The standard error tells you how accurate the mean of any given sample from that population is likely to be compared to the true population mean. When the standard error increases, i.e. the means are more spread out, it becomes more likely that any given mean is an inaccurate representation of the true population mean.
The Standard Error ("Std Err" or "SE"), is an indication of the reliability of the mean. A small SE is an indication that the sample mean is a more accurate reflection of the actual population mean. A larger sample size will normally result in a smaller SE (while SD is not directly affected by sample size).
Standard error measures the amount of discrepancy that can be expected in a sample estimate compared to the true value in the population. Therefore, the smaller the standard error the better. In fact, a standard error of zero (or close to it) would indicate that the estimated value is exactly the true value.
The standard error of the mean, or simply standard error, indicates how different the population mean is likely to be from a sample mean. It tells you how much the sample mean would vary if you were to repeat a study using new samples from within a single population.
The standard error of estimate, denoted Se here (but often denoted S in computer printouts), tells you approximately how large the prediction errors (residuals) are for your data set in the same units as Y.
SEm is directly related to the reliability of a test; that is, the larger the SEm, the lower the reliability of the test and the less precision there is in the measures taken and scores obtained.
Standard Error of Measurement is directly related to a test's reliability: The larger the SEm, the lower the test's reliability. If test reliability = 0, the SEM will equal the standard deviation of the observed test scores. If test reliability = 1.00, the SEM is zero.
Uncertainty is measured with a variance or its square root, which is a standard deviation. The standard deviation of a statistic is also (and more commonly) called a standard error. Uncertainty emerges because of variability.
The standard error of the regression (S), also known as the standard error of the estimate, represents the average distance that the observed values fall from the regression line. Conveniently, it tells you how wrong the regression model is on average using the units of the response variable.
The standard error is the average error that would be expected in using a sample mean as an estimate of the real population mean. It turns out to also be the basis for many of the most frequently performed statistical tests.
Every inferential statistic has an associated standard error. Although not always reported, the standard error is an important statistic because it provides information on the accuracy of the statistic (4). As discussed previously, the larger the standard error, the wider the confidence interval about the statistic.
Standard error and standard deviation are both measures of variability. The standard deviation reflects variability within a sample, while the standard error estimates the variability across samples of a population.
If we want to indicate the uncertainty around the estimate of the mean measurement, we quote the standard error of the mean. The standard error is most useful as a means of calculating a confidence interval. For a large sample, a 95% confidence interval is obtained as the values 1.96×SE either side of the mean.
The standard error of the coefficient is always positive. Use the standard error of the coefficient to measure the precision of the estimate of the coefficient. The smaller the standard error, the more precise the estimate. Dividing the coefficient by its standard error calculates a t-value.

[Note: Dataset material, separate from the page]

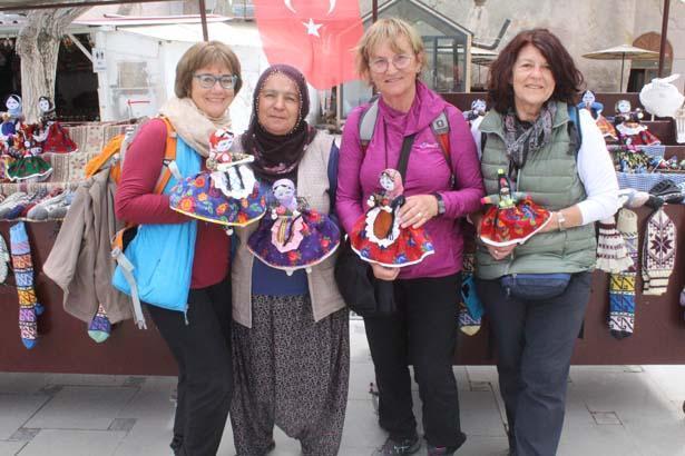 Ayşe Aplak, “Turist dönemimiz çok âlâ başladı. İnşallah bu türlü devam eder. Sabah 9’da standa geliyoruz. Turistler geliyor, bebekleri alıyor. Turistler gidince arkadaşlarla birlikte gözleme yapıyoruz, satıyoruz. Sonra konut işlerimizi yapıyoruz. Herkese çalışmayı öneririm. Bayanlar hem bebeğini yapsın hem eşine yardımcı olsun hem çocuklarına baksın” dedi.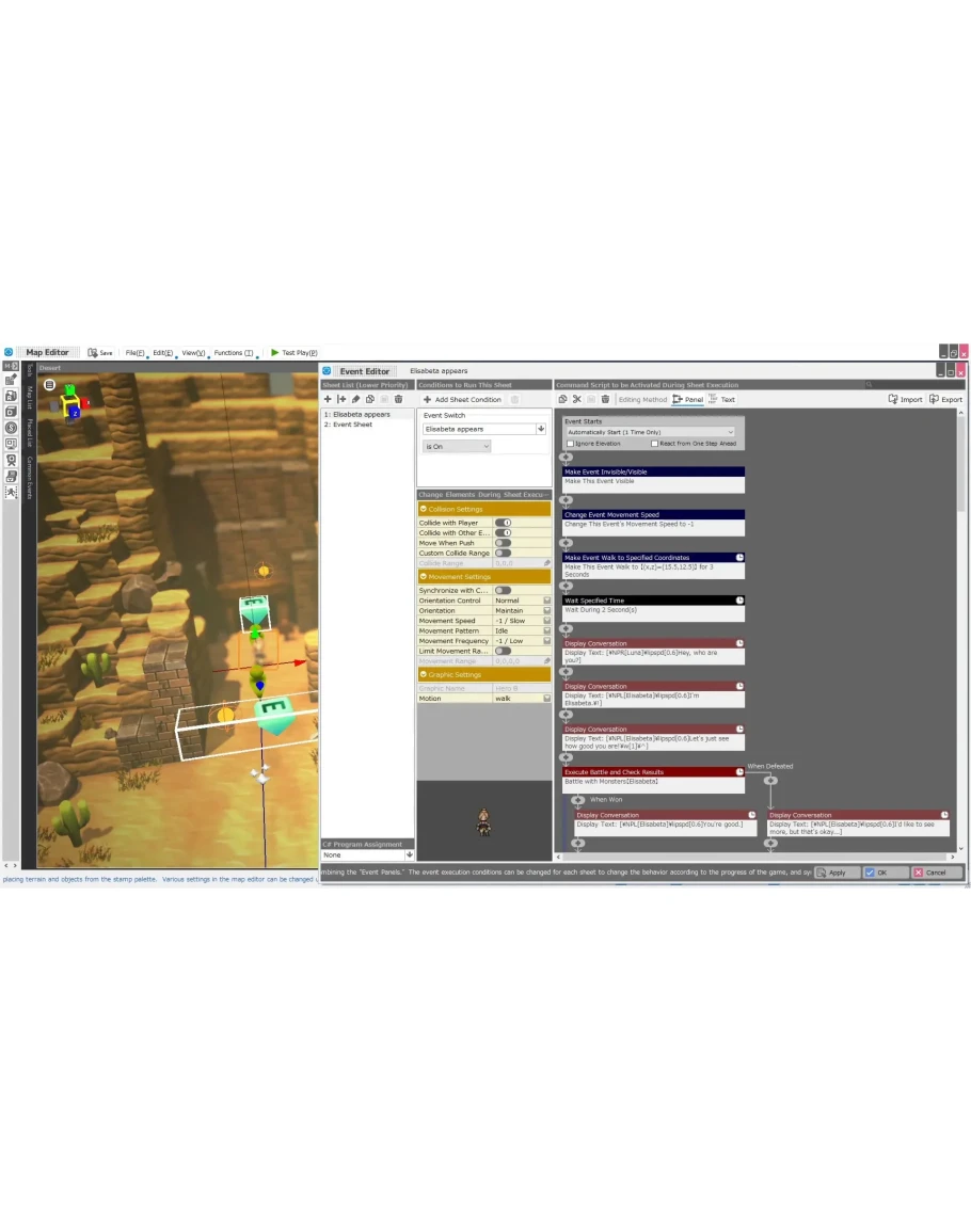Zero programming required! A tool for anyone to create RPGs! "RPG Developer Bakin" is a tool that makes it easy to create various types of RPGs, adventure games and action games without any programming knowledge.

Statisticians have determined that values no greater than plus or minus 2 SD represent measurements that are are closer to the true value than those that fall in the area greater than ± 2SD. Thus, most QC programs require that corrective action be initiated for data points routinely outside of the ±2SD range.
A high standard error (relative to the coefficient) means either that 1) The coefficient is close to 0 or 2) The coefficient is not well estimated or some combination.
A low standard error of regression means that your data adheres more tightly to your regression line, and you can more accurately predict the results at a particular dependent variable level.
The standard error of the regression (S) is often more useful to know than the R-squared of the model because it provides us with actual units. If we're interested in using a regression model to produce predictions, S can tell us very easily if a model is precise enough to use for prediction.
Standard deviation measures the dispersion of data in relation to the mean, while standard error indicates the precision of the estimate of the sample mean.
The standard error of a coefficient estimate is the estimated standard deviation of the error in measuring it. Also, the estimated height of the regression line for a given value of X has its own standard error, which is called the standard error of the mean at X.
The standard error (abbreviated SE) is one way to indicate how precise your estimate or measurement of something is. Confidence intervals provide another way to indicate the precision of an estimate or measurement of something. But there is not written anything how to indicate accuracy of the measurement.
There exists a simple relationship between the reliability coefficient of a test and the standard error of measurement: The higher the reliability coefficient, the lower the standard error of measurement. The lower the reliability coefficient, the higher the standard error of measurement.
The sample mean plus or minus 1.96 times its standard error gives the following two figures: This is called the 95% confidence interval , and we can say that there is only a 5% chance that the range 86.96 to 89.04 mmHg excludes the mean of the population.
It is good practice to report some measure of variability with any result. It does not really matter whether you report the standard deviation, the standard error, a confidence interval as the reader can convert between them as long as s/he knows the sample size.